- Born: 1911 Austin, Texas, USA
- Died: February 25, 1996 (aged 84–85) Ithaca, New York, USA
- Education: University of Arkansas; Cornell University;
- Spouse: Geraldine Gibson
- Children: 1
- Scientific career
- Fields: Entomology Entomotoxicology; Insect physiology; ; Biochemistry;
- Workplaces: New York State College of Agriculture at Cornell University

= Charles E. Palm =

American entomologist (1911–1996)

Charles Edmund Palm (1911-Feb. 25, 1996) was an American entomologist and Dean of the New York State College of Agriculture at Cornell University for 13 years from 1959 to 1972.

Palm was born in Austin, Texas, and grew up on a fruit and vegetable farm in northwest Arkansas. He graduated with honors from the University of Arkansas and then earned a Ph.D. from Cornell University in 1935.

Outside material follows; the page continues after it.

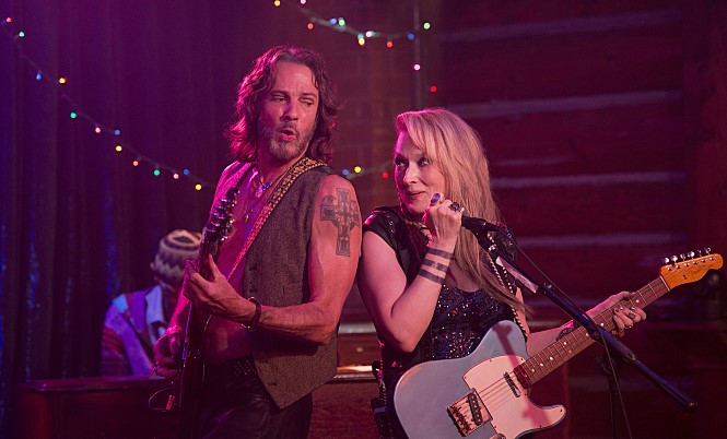 Meryl Streep, who again delivers another commendable performance to be added to her great career, plays Linda “Ricki” Rendazzo, a middle-aged lady who still does not give up her dream despite her struggling status in life and career. While she released her first album a long time ago, her music career in California has been virtually going nowhere since that, and she barely supports herself by working at a local supermarket when she and her band do not perform at a local bar during many evenings. She and Greg (Rick Springfield) and other band members mostly play others’ songs as demanded, but they have a good time together during their routine gigs, and this spunky lady surely knows how to excite and entertain her audiences.

Palm was an expert in international agricultural development and was a consultant to the Ford Foundation on Mexico's agricultural program. After research showed the harmful ecological effects of chemical pesticides, Palm advocated the continued use of DDT in controlled circumstances.

While at Cornell, Palm served for 19 years as Chairman of the Department of Entomology and Limnology. He also served as the Agriculture College's Director of Research for two years (1957–59) before becoming Dean. While Dean, Palm created Cornell's office of International Agriculture Development. Palm retired in 1976.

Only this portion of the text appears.